Todos receberão a vida eterna, independentemente de crenças, acções, seja o que for. Até o Hitler.

Evangelismo absurdo

Um método que me contaram recentemente segue mais ou menos esta linha:

Imagine 5 segundos. Um, dois, três, quatro, cinco (estala os dedos a cada número). Imagine que tinha uma brasa acesa na sua mão durante esse tempo. Se acha isso doloroso, imagine passar a eternidade no Inferno, onde estará a arder completamente e sempre! Por isso, aceite Jesus (seja lá o que isso fôr), e irá para o Céu!

Isto é evangelismo pelo medo, e é completamente contra o que era feito pela igreja dos primeiros séculos. Mas depois houve uns cromos quaisquer na idade média que se lembraram de criar esta visão do inferno, e usar isso para fazer convertidos. E pelos vistos ainda não desapareceu.

Você está livre do Inferno. Passe na igreja e receba a sua benção

Sempre gostei do jogo do monopólio. Não sei explicar, mas sempre gostei. E por alguma razão que não percebo bem, visto que acho ser um jogo de sorte, quase sempre ganho. Depois de tantos anos de jogar ao monopólio, e ganhar, ficou bem claro para mim que a igreja não é um jogo de monopólio.
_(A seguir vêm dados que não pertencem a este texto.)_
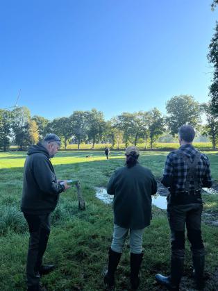 Am 06.09.2025 trafen wir uns gegen 7.30 Uhr am Brauhaus in Bagband. Nachdem alle Hundeführer mit Ihren Vierbeinern, alle Richter und Richteranwärter, die Revierführer und interessierten Zuschauer anwesend waren, begrüßte Prüfungsleiter Tido Bent alle herzlich im Namen er LG Waterkant. Nachdem „der Schriftkram“ erledigt war, wurde im Beisein aller eine Richterbesprechung durchgeführt. Dabei wurde noch einmal explizit auf das Punktesystem und die Arbeit an der lebenden Ente angesprochen. Nachdem ein Gruppenfoto gemacht wurde, brachen die beiden Gruppen bei sonnigem Wetter in die Reviere Bagband und Aurich-Oldendorf auf. Gruppe 1 begann am Wasser, während Gruppe 2 mit der Feldarbeit anfing.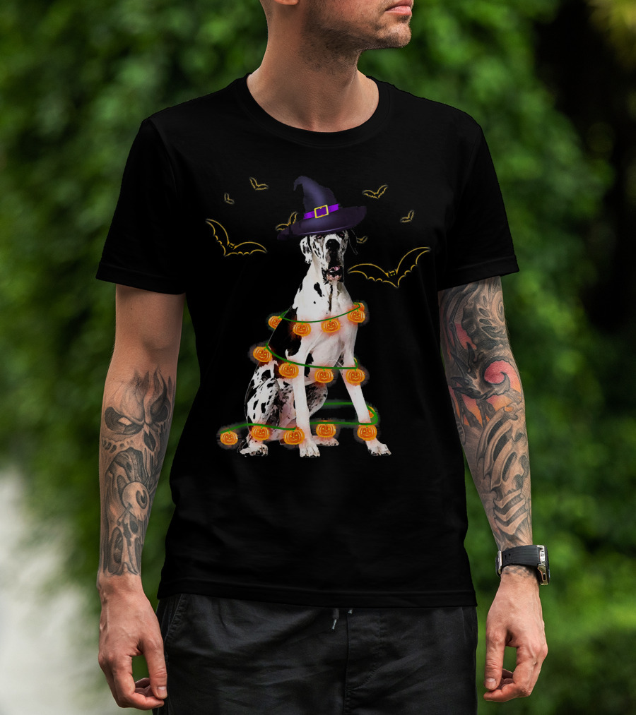 Halloween Great Dane Dog With Witch Hat And Pumpkin Lights Surrounded By Bats T-Shirt

Infelizmente nem todos chegam a essa conclusão. Estou um bocado cansado de ver pregações que seguem esta linha: "Você está a caminho do Inferno. Mas eu tenho a solução para si! Faça esta oração (normalmente chamada de oração do pecador) e receberá a vida eterna! E Deus o irá abençoar de maneiras que nem imagina!"

A vida eterna é grátis mas não é barata. Jesus morreu para que nós podéssemos ter a vida eterna, e certamente que ele deseja que nós a tenhamos. E é verdade que para a obter basta uma decisão de aceitar Cristo como Senhor das nossas vidas. Isso obviamente pressupõe que acreditamos nele e que decidimos passar a viver a nossa vida de acordo com os seus mandamentos. Mas ao tomarmos essa decisão, temos de estar cientes de que nem tudo são rosas. Seguir Jesus implica um preço. Seremos gozados, maltratados, incompreendidos, e nem sempre conseguiremos fazer a sua vontade. Por outro lado sentimos a presença e a paz de Deus connosco quando mais precisamos.

A vida eterna não é uma oração que se faz para nos livrarmos do Inferno, é antes uma decisão que se toma de nos tornarmos seguidores de Jesus, e isso implica estar disposto a pagar o preço, seja ele qual for. A vida eterna vive-se dia a dia.